Additionally, intermittent preventive treatment in infants (IPTi) is recommended by the WHO [43]. Intermittent preventive treatment in children (IPTc), especially in schoolchildren (IPTsc), is a proven malaria control strategy [4446]. In Africa, school-aged children represent 26% of the population, and nearly half of these children have at least one malaria infection each year [47]. In evaluating different schedules, children were treated every 5 months, 4 months, 3 months, 2 months or every month with sulfadoxine–pyrimethamine, sulfadoxine–pyrimethamine–amodiaquine, sulfadoxine–pyrimethamine–artesunate, amodiaquine–artesunate, or dihydroartemisinin–piperaquine [46, 4852]. Doxycycline, which is a low-half-life drug (20 h) [11], could be associated with long-half-life drugs such as amodiaquine, piperaquine or sulfadoxine–pyrimethamine in young children for IPTsc. An advantage of using doxycycline is its mechanism of action which differs from those of most currently used anti-malarial drugs by inhibiting proteins implicated in apicoplast metabolism [11, 53, 54].

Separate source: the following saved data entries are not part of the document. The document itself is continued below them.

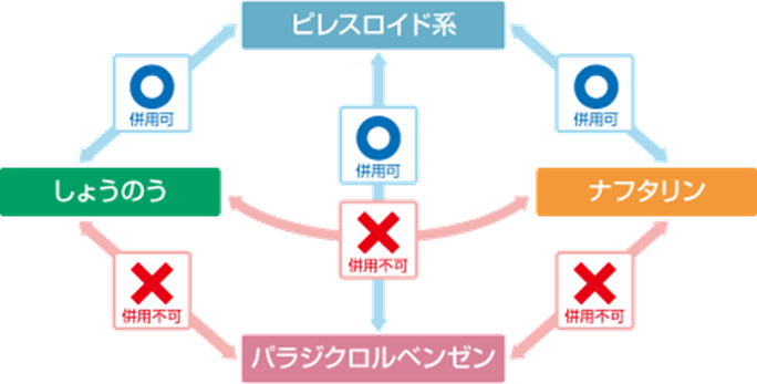 一方、パラジクロルベンゼン、ナフタリン、しょうのうは、併用するとお互いに影響しあい、薬剤が溶けて衣類のシミや変色に繋がるおそれがございます。
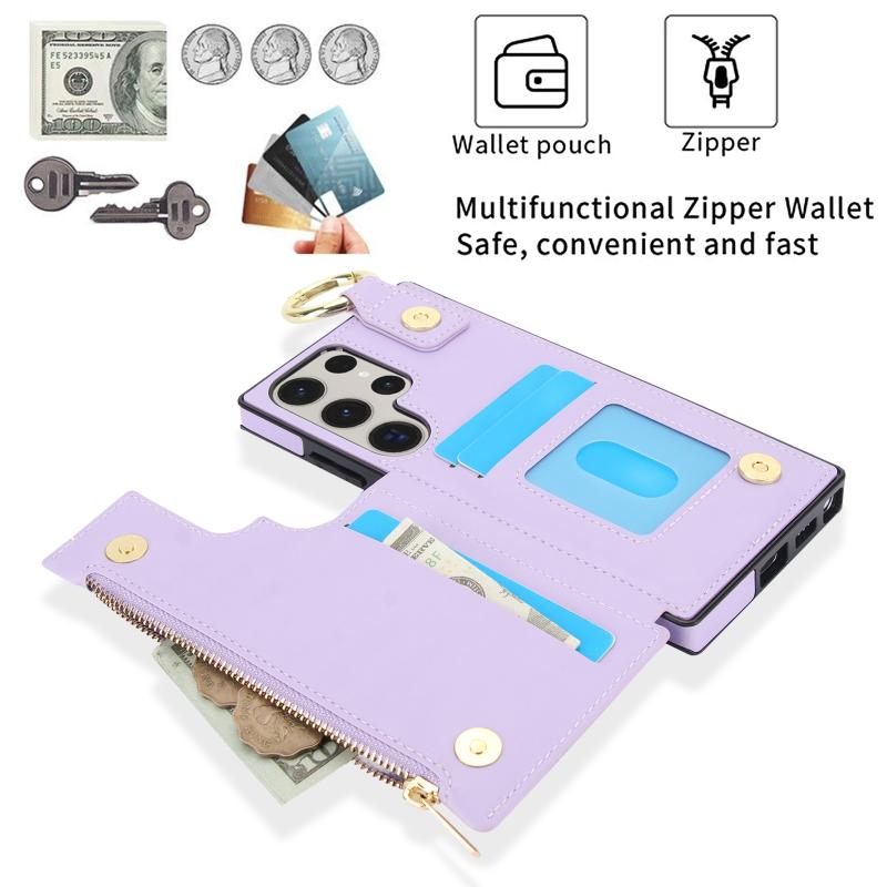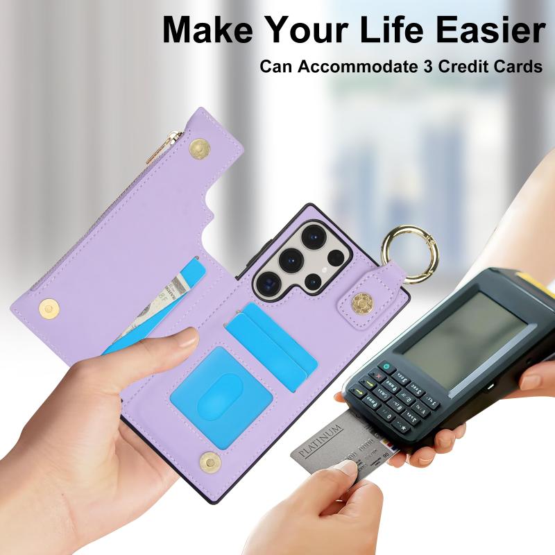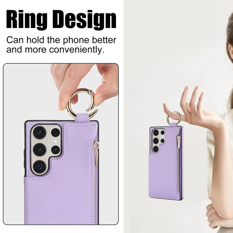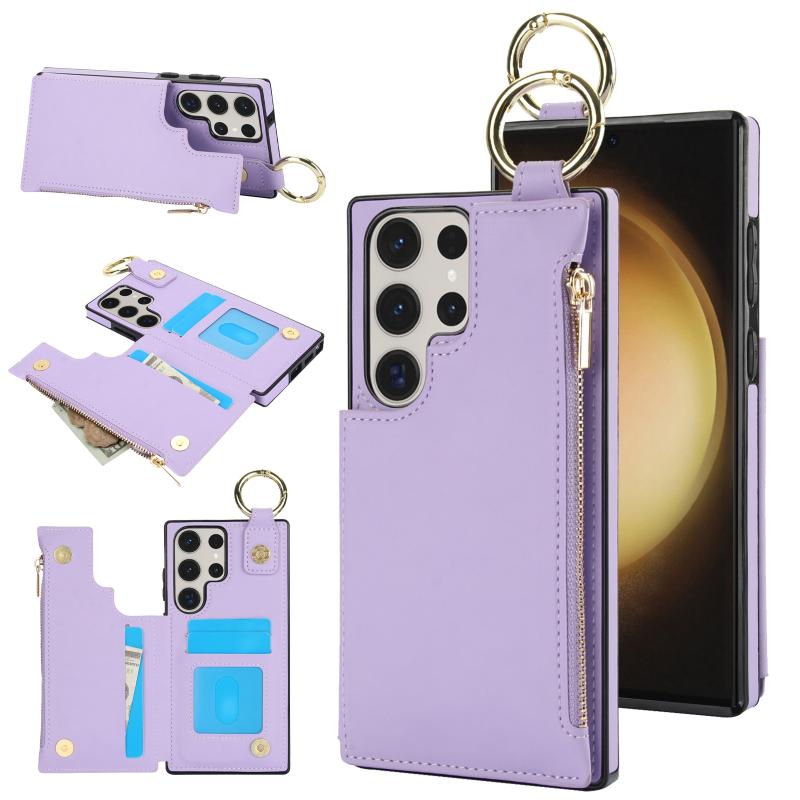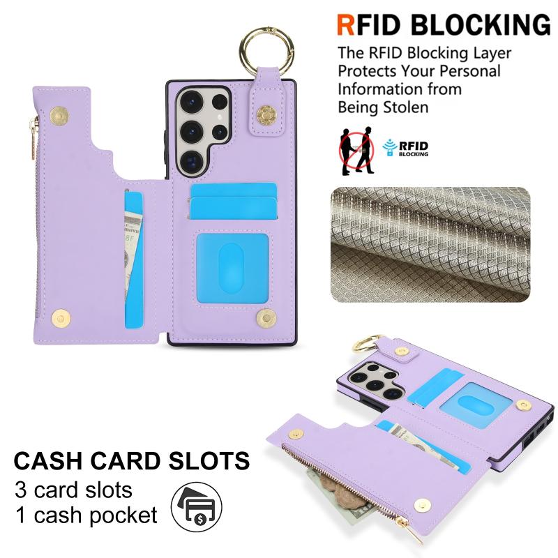 For Samsung Galaxy S23 Ultra 5G RFlD Anti-theft Double Buckle Ring Zipper Card Phone Case(Purple)
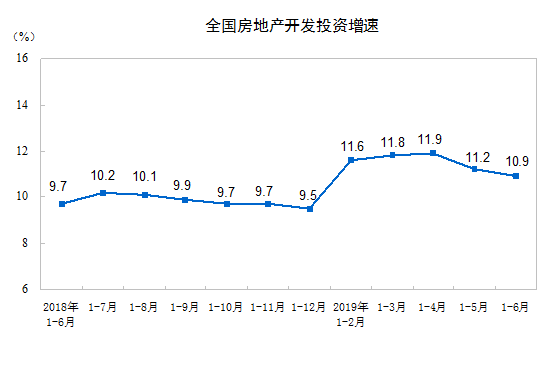 2019年1—6月份,全国房地产开发投资61609亿元,同比增长10.9%,增速比1—5月份回落0.3个百分点。其中,住宅投资45167亿元,增长15.8%,增速回落0.5个百分点。住宅投资占房地产开发投资的比重为73.3%。

However, the use of doxycycline for malaria chemoprophylaxis could raise the risk of selecting resistant bacterial pathogens to antibiotics [55]. The microbiome plays an important role in human health, and changes in the microbial flora can lead to resistance or infection by pathogenic bacteria. Proliferation of pathogenic bacteria in the human microbiome has been documented following antibiotic exposure [56, 57]. Q fever endocarditis patients treated with doxycycline presented significantly lower concentrations of BacteroidetesFirmicutes and Lactobacillus [58], a finding that was also observed with the anti-malarial hydroxychloroquine [58]. Anti-malarial drugs certainly have an impact on the microbiota. It is important to determine the effects of doxycycline on the microbiome, especially if multiple antibacterial combinations are used like sulfadoxine–pyrimethamine and doxycycline, especially in young children. The impact of long-term chemoprophylaxis with doxycycline on bacterial pathogens is documented only in military clinical cases with the acquisition of multi-drug resistance by bacteria [5962]. However, these increases in multi-drug-resistant bacteria were likely associated with environmental exposures rather than doxycycline exposure. Only outbreaks of Panton-Valentine leukocidin-positive, doxycycline-resistant, methicillin-susceptible Staphylococcus aureus infections have been linked to long-term chemoprophylaxis with doxycycline in soldiers under deployment [63]. There is no published information on the development of bacterial resistance after short-courses of doxycycline used in malaria prophylaxis.

Conclusions

Doxycycline was developed after tetracycline and was labelled with the same side-effects as the earlier tetracyclines, including the risk of yellow tooth discolouration and dental enamel hypoplasia in children under 8 years of age. However, recent studies report little or no effects of doxycycline on tooth staining or dental enamel hypoplasia in children under 8 years of age. In the United States, the CDC have recommended the use of doxycycline for the treatment of acute and chronic Q fever and tick-borne rickettsial diseases in young children. It is time to rehabilitate doxycycline and to recommend it in combination with the use of quinine for malaria treatment when ACT is unavailable or when the treatment of severe malaria with artesunate fails, in children under 8 years of age. Doxycycline could also be associated with long-half-life drugs such as amodiaquine, piperaquine or sulfadoxine–pyrimethamine in young children for IPTsc.